Rubisco changed much more quickly around the time of the Great Oxygenation than it did either before or after it, Kacar said last week at the Astrobiology Science Conference in Mesa, Arizona.
Read more: Photosynthesis: Shaping the planet
This rapid change must have been driven by the need to adapt to the presence of oxygen, she suggests. The modern rubisco molecule has to be selective because it encounters both oxygen and carbon dioxide, but even so it sometimes goes after the wrong gas. Rubisco from before the Great Oxygenation might have been more lax because it encountered oxygen so infrequently.

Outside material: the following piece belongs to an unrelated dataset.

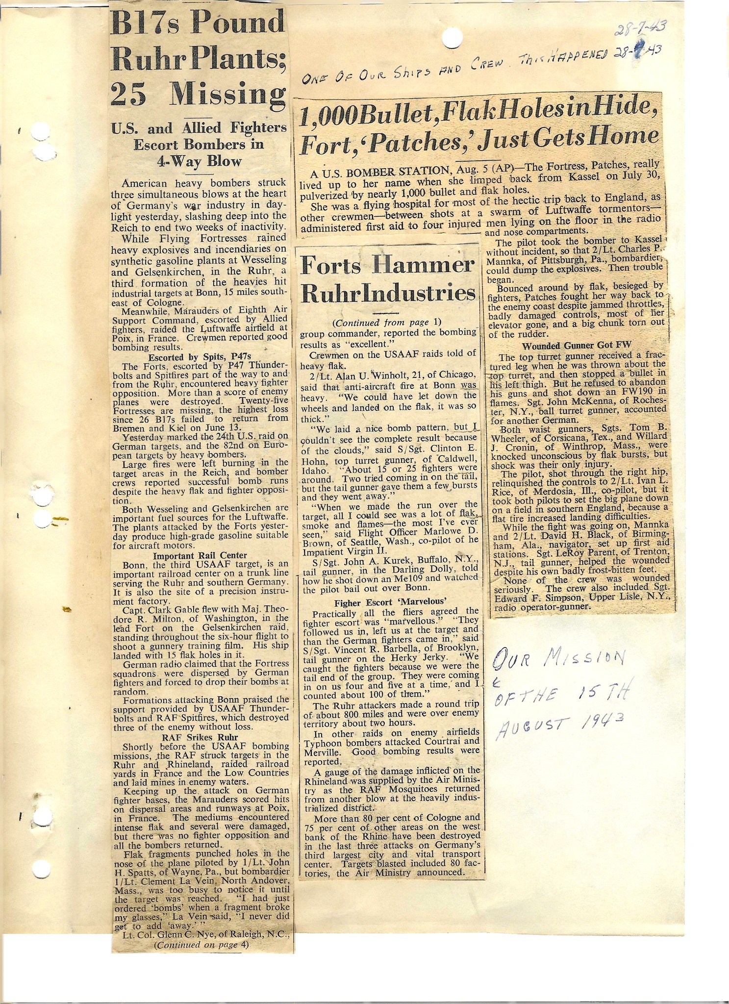 Newspaper cuttings detailing missions involving the 384th Bomb Group. Note story on B-17 #42-5848 "Patches" from the 384th. Image courtesy of Jeff Johnson

Kacar’s team has now synthesised the gene sequences to make the ancient rubisco and is using CRISPR gene-editing technology to insert them into cyanobacteria. The modified bacteria, they hope, will then produce a form of rubisco molecule not seen on Earth for billions of years. “Earth’s past is alive, in a way,” says Kacar.
The team can then compare the functions of the ancient proteins and their modern relatives, to see whether the enzyme did indeed become more selective during the Great Oxygenation Event. The technique adds a new dimension to studies of the past that cannot be gleaned from the geological record, says Kacar.
“What makes Betül’s work really exciting is that she’s actually using these sequences to reconstruct the protein in the laboratory,” says Roger Summons, a geobiologist at the Massachusetts Institute of Technology.
The biggest insights, Summons adds, may come from features of the ancient protein that come as a surprise. “It’s about what you might learn that you can’t even anticipate at this point,” he says.